Fig. 9. Relationship between ln(C1/C2) and ln(C2/C3). |
According to the results of previous studies, the current formation temperature in the Ordovician fault-controlled oil and gas reservoirs in the west of the FI10 fault zone is 160-180 °C, and the crude oil has not cracked [29,54,57-58]. In the south of the FI10-FI20 strike-slip faults, the fault-controlled oil and gas reservoirs in the major Ordovician faults aroumd the Manjiaer area encounter increasing trends of gas injection and GOR [49], which is caused by gas injection from crude oil cracking in ultra-deep formations, rather than the high reservoir temperature.
The relationship between lnχn and carbon number n of n-alkanes shows 9% loss of n-alkanes (Q) (Fig. 10 ). We consider that considerable crude oil cracking gas from deeper reservoirs migrated upwardly and accumulated in the overlying Ordovician reservoirs. At high temperature, a little early crude oil cracked and resulted in gas injection (similar to the Shunbei FI10 strike-slip fault) [59]. This phenomenon ultimately contributes to distinct gas condensate accumulation known as “secondary condensate gas reservoir” [18-19].
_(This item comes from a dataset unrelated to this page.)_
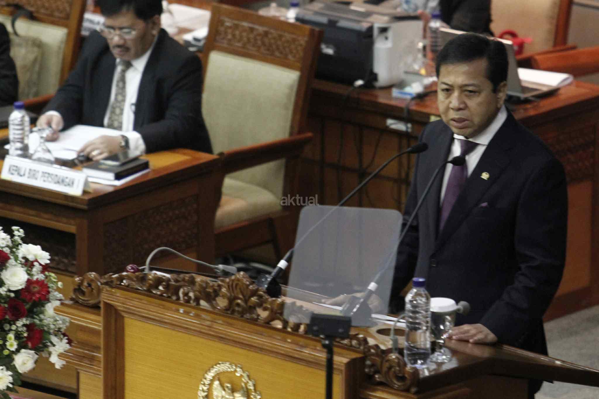 Ketua DPR Setya Novanto ketika menyampaikan Pidato Pembukaan Masa Persidangan IV tahun Sidang 2016-2017 di Kompleks Parlemen, Senayan, Jakarta, Rabu (15/3). DPR berkomitmen mempercepat proses pembahasan RUU yang menjadi prioritas tahun 2017 diantaranya 10 RUU, yaitu RUU tentang Penyelenggaraan Pemilu, RUU (MD 3), RUU tentang KUHP dan RUU tentang Pemberantaran Terorisme. AKTUAL/Tino Oktaviano

Fig. 10. Relationship between the carbon number (n) and lnχn of n-alkanes of crude oil from well FD1 (f is the theoretical difference of the molar mass logarithm between measured mass of n-alkane and fractionated mass; χn is the molar content of n-alkanes with carbon number n; Q is the loss of n-alkanes). |
4. Conclusions
The fault-controlled intraplatform shoal facies of the Yingshan Formation in the major strike-slip fault zone in the Fuman Oilfield has good conditions for hydrocarbon accumulation under deeply buried karstification. The mudstone of the Sangtamu Formation is an indirect caprock, and the tight limestone of the Yijianfang Formation and the first section of the upper member of the Yingshan Formation is a direct caprock. Hydrocarbon generated from the Lower Cambrian Yuertusi Formation source rock vertically migrated through the neighboring major strike-slip faults into the second section of the upper member of the Yingshan Formation and accumulated laterally. This is a new reservoir model called “intraplatform shoal and lower-order faults-controlled reservoir” like that in well FD1.
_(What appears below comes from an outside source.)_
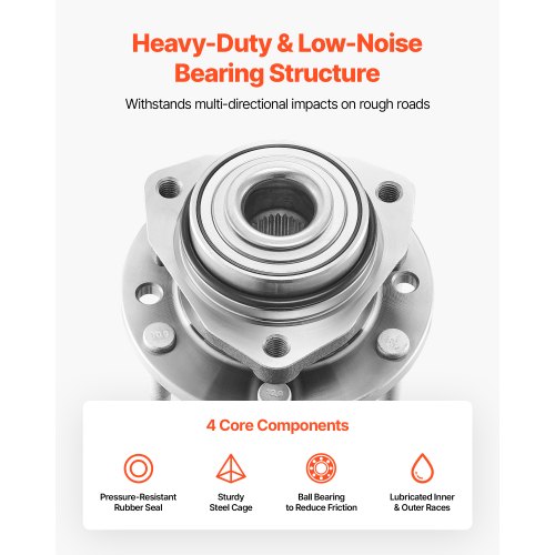 VEVOR Front Wheel Bearing & Hub Assembly Pair for 2004-2007 Buick 03-06 Chevy<br/>OEM Match<br/>Precise Fitment<br/>ABS Sensor<br/>Heavy-Duty Material<br/>Ball Bearing Design<br/>Easy Installation<br/>Item Model Number: 513188,Quantity: 2-Pack,Product Dimensions: 5.9 x 5.9 x 4.6 in/150 x 150 x 118 mm,Net Weight: 18.8 lbs/8.54 kg

The genetic analysis of oil and gas in well FD1, which is located at the low-order faults between major strike-slip faults FI19 and FI20, indicates a small amount of oil comes from the mature Lower Cambrian Yuertusi Formation source rock, and a large amount of gas is ultra-deep oil cracking gas. They contribute to the condensate gas in well FD1, characterized by dry gas and hybrid secondary condensate gas with high GOR.
This new reservoir model provides a possibility to expand the exploration scope and build a continuous oil and gas development field in the major strike-slip fault zones in the Fuman Oilfield.
Acknowledgments
Thanks to Han Jianfa, Zhang Yintao, Zhang Yanqiu from Tarim Oilfield Company, and Prof. Chen Honghan and Prof. Ping Hongwei of China University of Geosciences (Wuhan) for their supports.